Mastering Kubernetes Access: Creating an EKS Cluster Role for Namespace Listing
Overview :-
Creating an #AmazonEKS (Elastic Kubernetes Service) cluster role that enables listing namespaces within your #Kubernetes cluster can greatly enhance your control and visibility over resources. With this comprehensive guide, you’ll discover the step-by-step process of creating a custom #EKS cluster role tailored to your needs.
Pre-requestites :-
#Amazon EKS Cluster
#Terraform should installed on your system.
AWS CLI credentials should configured and need Full Access for the eks cluster.
Step-1 :- Create a folder on your desktop and with in the folder create terraform configuration files such as main.tf, variable.tf.
Step-2 :- Open the main.tf file using a visula editor and define the #kubernets cluster creation role as shown like below.
data "aws_eks_cluster" "default" {
name = var.eks_cluster_name
}
data "aws_eks_cluster_auth" "default" {
name = var.eks_cluster_name
}
provider "kubernetes" {
host = data.aws_eks_cluster.default.endpoint
cluster_ca_certificate = base64decode(data.aws_eks_cluster.default.certificate_authority.0.data)
token = data.aws_eks_cluster_auth.default.token
}
resource "kubernetes_manifest" "eks_namespaces_role" {
manifest = {
apiVersion = "rbac.authorization.k8s.io/v1",
kind = "ClusterRole",
metadata = {
name = "namespaces-list-role"
},
rules = [
{
apiGroups = [""],
resources = ["namespaces"],
verbs = ["get", "list"]
}
]
}
}
resource "kubernetes_manifest" "eks_rolebinding_cluster_namespace_list" {
manifest = {
apiVersion = "rbac.authorization.k8s.io/v1",
kind = "ClusterRoleBinding",
metadata = {
name = "cluster-namespace-list-binding"
},
roleRef = {
apiGroup = "rbac.authorization.k8s.io",
kind = "ClusterRole",
name = "${kubernetes_manifest.eks_namespaces_role.manifest.metadata.name}"
},
subjects = [
{
kind = "Group",
apiGroup = "rbac.authorization.k8s.io",
name = "aws-${var.env_name}-eks"
}
]
}
}
Step-3 :- Now define the Variables for above main.tf file.
variable "eks_cluster_name" {
description = "cluster name of eks"
type = string
default = "eks-cluster"
}
variable "env_name" {
type = string
description = "Type of environment ex: dev, stage or prod"
default = "dev"
}
Step-4 :- Now Open a terminal or command prompt window and locate to your folder which is being created for eks role on desktop.
Step-5 :- Configure your aws access and secret access keys using aws configure command.

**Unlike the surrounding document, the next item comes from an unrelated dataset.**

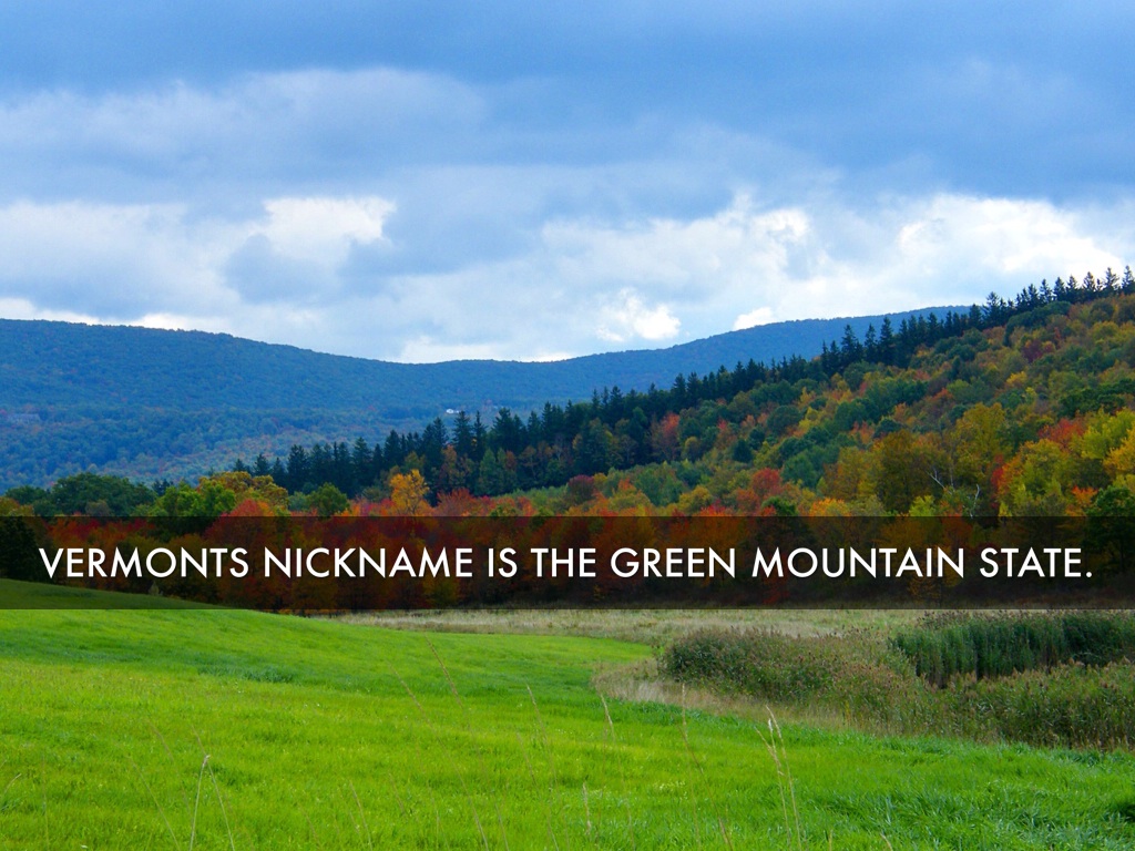 VERMONTS NICKNAME IS THE GREEN MOUNTAIN STATE.

Finally deploy the code using terraform.
# Run the below terraform commands to deploy the code.
terraform init
terraform plan
terraform apply
Step-6 :- Once the code is being deployed. U can check whether u are able to list the namespaces within the cluster. Run the below command to list the namespaces within the cluster.
Kubectl get ns
When u run the above command u can able to see the list of namespaces which are being created on the eks cluster as shown like below.

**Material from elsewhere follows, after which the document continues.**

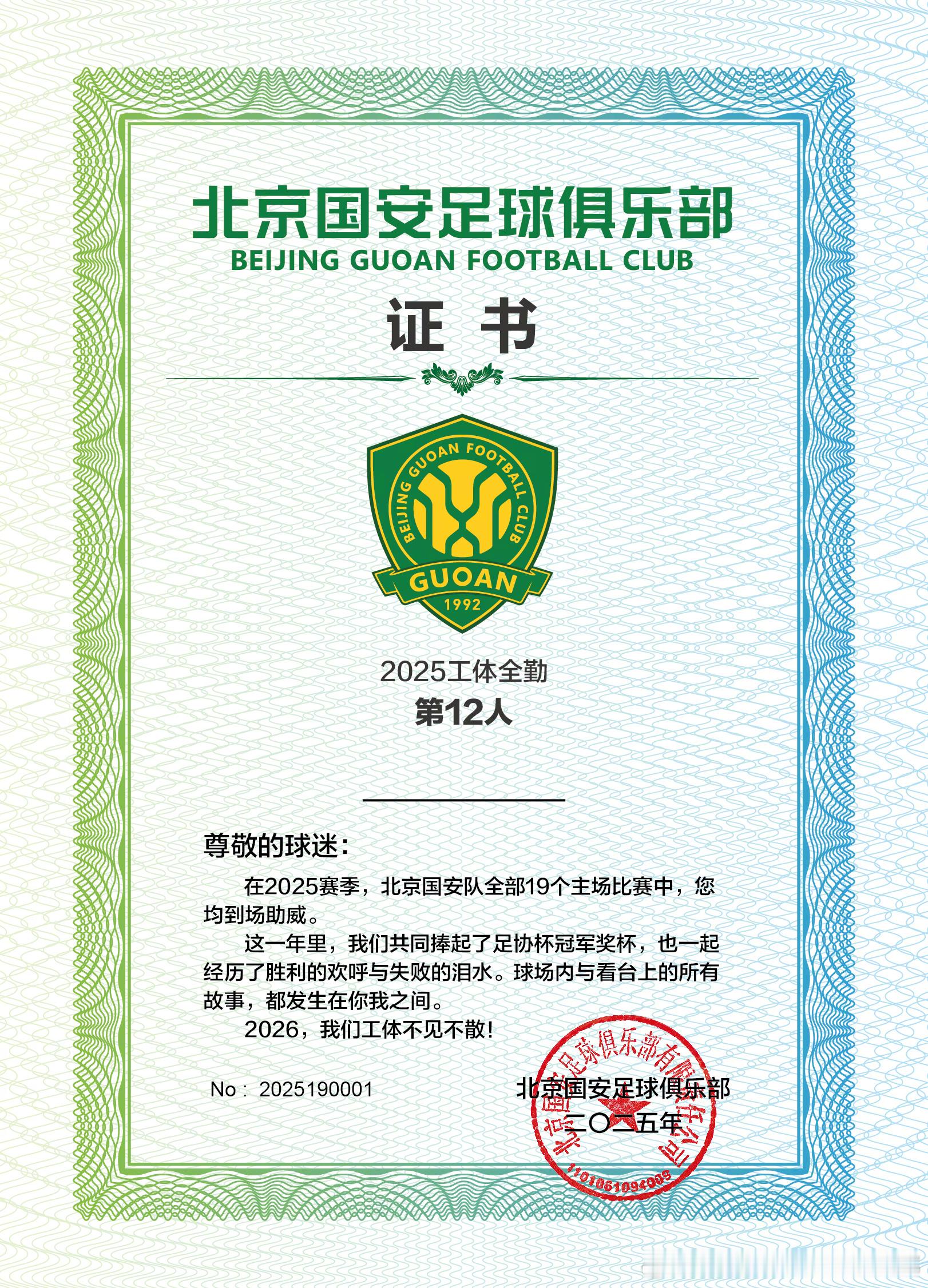 全勤球迷证书领取时间:1月8日(周四)--1月14日(周三),每天10:00-16:00。地点:朝阳区世茂工三商场1层,孚德足球IP专卖店。请各位全勤球迷持本人2025赛季年卡或身份证作为身份凭证,前往活动现场领取证书。如需代领证书,请代领人持被代领人身份证或身份证照片到现场领取。【补录】1月5日(含5日前)收到俱乐部邮件确认完成补录的球迷,也可于8日-14日前来领取证书。(补录名单见链接 )未收到邮件确认的球迷,请您耐心等待俱乐部工作人员核对数据,并于邮件中确认的时间内前来领取证书。【福利】每位全勤球迷均可以领取足协杯夺冠纪念冰箱贴1枚凭借全勤证书,球迷也可在世贸工三孚德足球IP周边店享受购物折扣。全场产品85折,部分产品5、6、7折。(冠军系列产品不参与活动)活动时间:同全勤奖领奖时间。【注意事项】为提升领取证书体验,请您在提供身份凭证的同时,告知工作人员证书编号(编号按姓氏拼音首字母顺序排列,可在公示名单中查询 )。

Source code link :- “github.com/MahiraTechnology/Mahira-medium.git”
Conclusion :-
In conclusion, crafting an #EKS cluster role to facilitate namespace listing can significantly enhance your #Kubernetes experience. By carefully defining the permissions and #scope, you ensure that users and services can access the information they need without compromising #security. Mastering EKS cluster roles empowers you to fine-tune your cluster’s access control, promoting efficiency and #security in your Kubernetes operations. Whether you’re a Kubernetes enthusiast or an #operations professional, this guide equips you with the knowledge to navigate the realm of EKS cluster roles with confidence.